▶ **EXERCISE DETAILS**
Copy out exactly the lines beginning with the one that contains "Zahraniční obchod Itálie" and ending at the last line of the listing, skipping any pictures.

▶ **GIVEN INFORMATION**
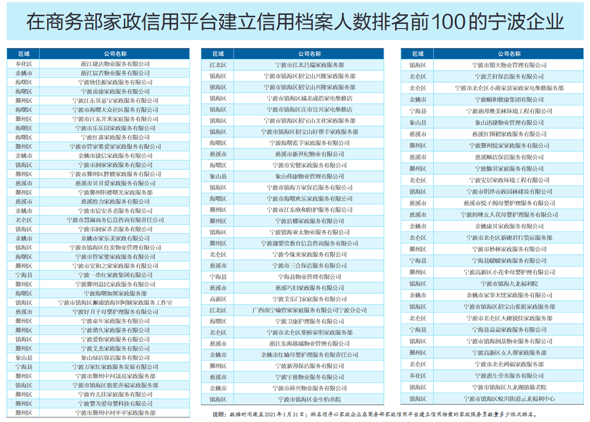 据介绍,2020年9月开始,我市启动建设家政服务业信用体系,先后发放了居家上门服务证和安心码,推行持证上门服务,成效显著,具体可以通过三组数据体现。其一,截至2021年2月20日,我市已制发居家上门服务证30385张。其二,甬城59216位家政服务员已在商务部家政服务信用信息平台录入,253家家政服务企业信用档案已经建立。其三,行业信用体系建设完成情况居全省前列。
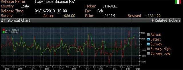 Zahraniční obchod Itálie skončil v únoru přebytkem 1,086 miliardy eur. Za leden byl deficit revidován z -1,619 na -1,614 miliardy eur.
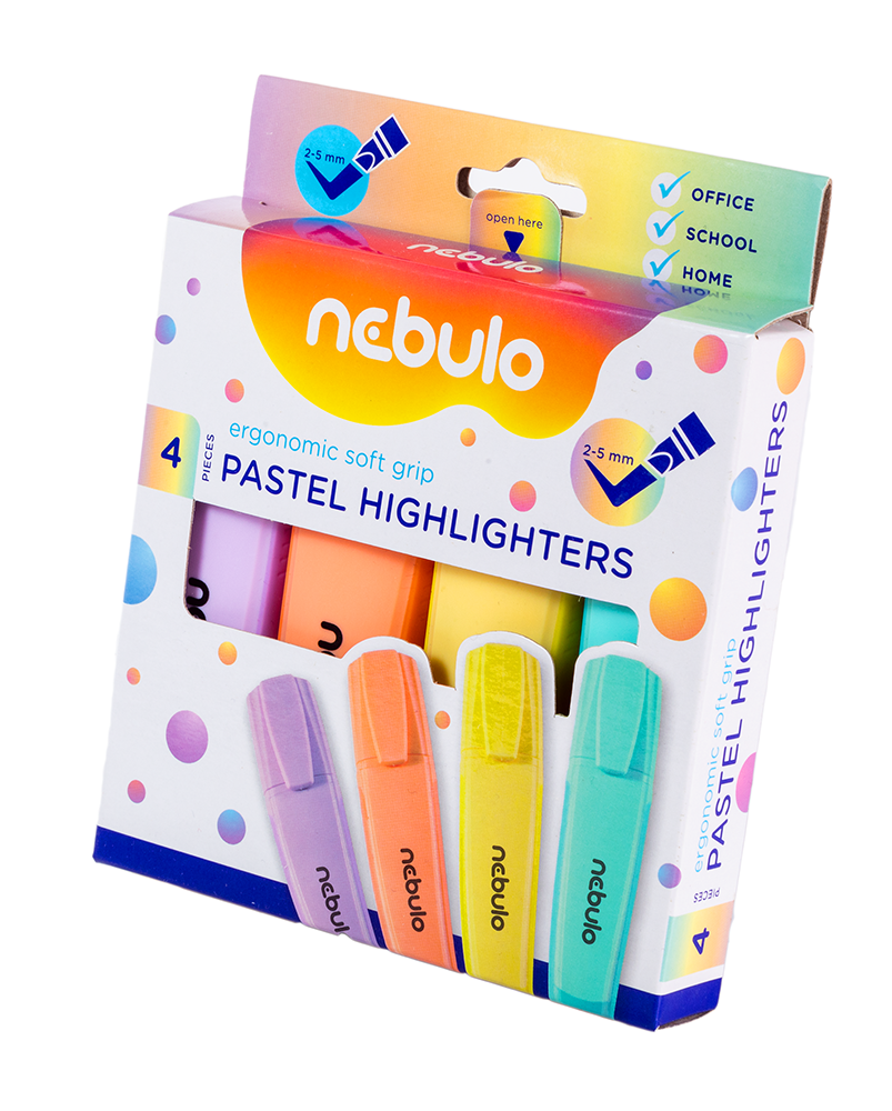 Zestaw pastelowych zakreślaczy z ergonomicznym uchwytem w kolorach żółtym, niebieskim, fioletowym i pomarańczowym.
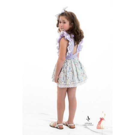 Falda niña estampada con flores liberty en tonos lavanda y goma en la cintura para ajustar

▶ **FINISHED TASK**
 Zahraniční obchod Itálie skončil v únoru přebytkem 1,086 miliardy eur. Za leden byl deficit revidován z -1,619 na -1,614 miliardy eur.
 Zestaw pastelowych zakreślaczy z ergonomicznym uchwytem w kolorach żółtym, niebieskim, fioletowym i pomarańczowym.
 Falda niña estampada con flores liberty en tonos lavanda y goma en la cintura para ajustar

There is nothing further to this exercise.